Muster Rolls c. 1630

The Muster Roll of the Province of Ulster is a large, leather-bound volume in the British Library, where it is shelved as Additional Manuscript 4770. The volume consists of 283 folio sheets, each slightly larger than a page of A4, on which are recorded the names of 13,147 adult males from the nine counties of Ulster. Each county forms a separate section of the volume and the men who mustered are listed under the names of their landlords; beside each man’s name there is a description of the weapons he was carrying or a note that he was unarmed. The lists cover the first 276 folios and the remaining seven folios are a ‘breviate’ or summary of the whole book. Most of the men who mustered were English and Scottish settlers and, in the absence of comprehensive parish and estate records, the muster roll is the nearest one has to a census of the British population of early seventeenth-century Ulster.

In the late 1960s or early 1970s Robert Hunter began a project to publish each section of the muster.

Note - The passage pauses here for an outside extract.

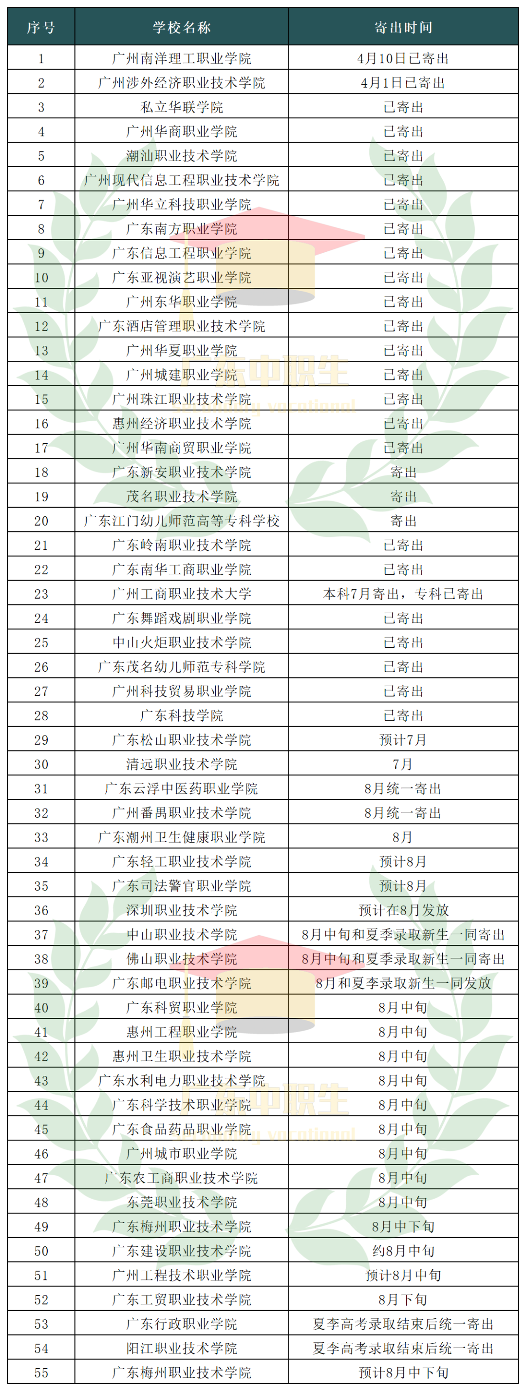 被我校春季高考录取的考生录取通知书计划于8月下旬与夏季高考录取考生一起通过邮政EMS快递寄出。录取通知书联系方式和邮寄地址如有变化的考生,请于2023年7月31日前将更正信息发至我校招生办邮箱(zsb@gdgm.edu.cn)。逾期不再受理信息修改,请知悉!
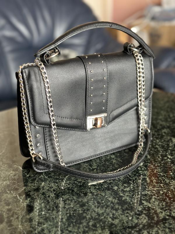 Черная сумка. Ремень на цепочке, можно складывать в двое. Один общий отдел и маленький кармашк на замке. Легкая. Застежка чуточку стерлась но рабочая.

William Copeland Trimble had published the muster roll for county Fermanagh in the History of Enniskillen in 1919, and T.G.F. Paterson had published that for county Armagh in 1970. Robert therefore began with the muster roll for county Donegal, which he published in 1972, and in 1978 he and Michael Perceval-Maxwell collaborated on an edition of the muster roll for county Cavan. The muster roll for county Fermanagh seems to have been the next section which Robert intended to publish, but for whatever reason he put the project into abeyance and did not resume working on it until 1998. Over the following years he collated material for counties Antrim, Down, and Londonderry and had begun working on the muster rolls for counties Monaghan and Tyrone shortly before his death in 2007.